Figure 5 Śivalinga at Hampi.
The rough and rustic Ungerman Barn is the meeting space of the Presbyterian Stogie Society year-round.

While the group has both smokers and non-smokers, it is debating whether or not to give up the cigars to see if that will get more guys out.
****
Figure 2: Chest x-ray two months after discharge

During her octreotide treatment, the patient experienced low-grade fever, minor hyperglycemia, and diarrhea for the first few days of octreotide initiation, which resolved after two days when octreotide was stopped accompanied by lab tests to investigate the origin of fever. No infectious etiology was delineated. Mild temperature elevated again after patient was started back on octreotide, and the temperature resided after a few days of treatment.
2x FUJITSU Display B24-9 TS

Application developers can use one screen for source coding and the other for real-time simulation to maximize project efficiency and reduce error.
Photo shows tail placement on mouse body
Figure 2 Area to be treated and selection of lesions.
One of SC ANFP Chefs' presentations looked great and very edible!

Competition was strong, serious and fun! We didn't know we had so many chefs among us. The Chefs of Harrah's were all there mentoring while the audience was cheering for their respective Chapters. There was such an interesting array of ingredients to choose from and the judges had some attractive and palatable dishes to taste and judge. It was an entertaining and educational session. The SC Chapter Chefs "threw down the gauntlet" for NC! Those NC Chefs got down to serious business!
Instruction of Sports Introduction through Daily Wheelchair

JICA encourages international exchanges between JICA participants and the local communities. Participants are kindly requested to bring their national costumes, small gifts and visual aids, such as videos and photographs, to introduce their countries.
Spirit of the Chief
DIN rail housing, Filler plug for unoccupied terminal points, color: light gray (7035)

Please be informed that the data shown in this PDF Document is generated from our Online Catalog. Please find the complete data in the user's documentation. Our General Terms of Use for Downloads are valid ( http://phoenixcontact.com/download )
****
=== Work to complete ===
In the entries above, find the line with "Figure 5 Śivalinga at Hampi." and the line with "While the group", then set down exactly those two and every line between them, nothing else.

=== Answer section ===
Figure 5 Śivalinga at Hampi.
The rough and rustic Ungerman Barn is the meeting space of the Presbyterian Stogie Society year-round.

While the group has both smokers and non-smokers, it is debating whether or not to give up the cigars to see if that will get more guys out.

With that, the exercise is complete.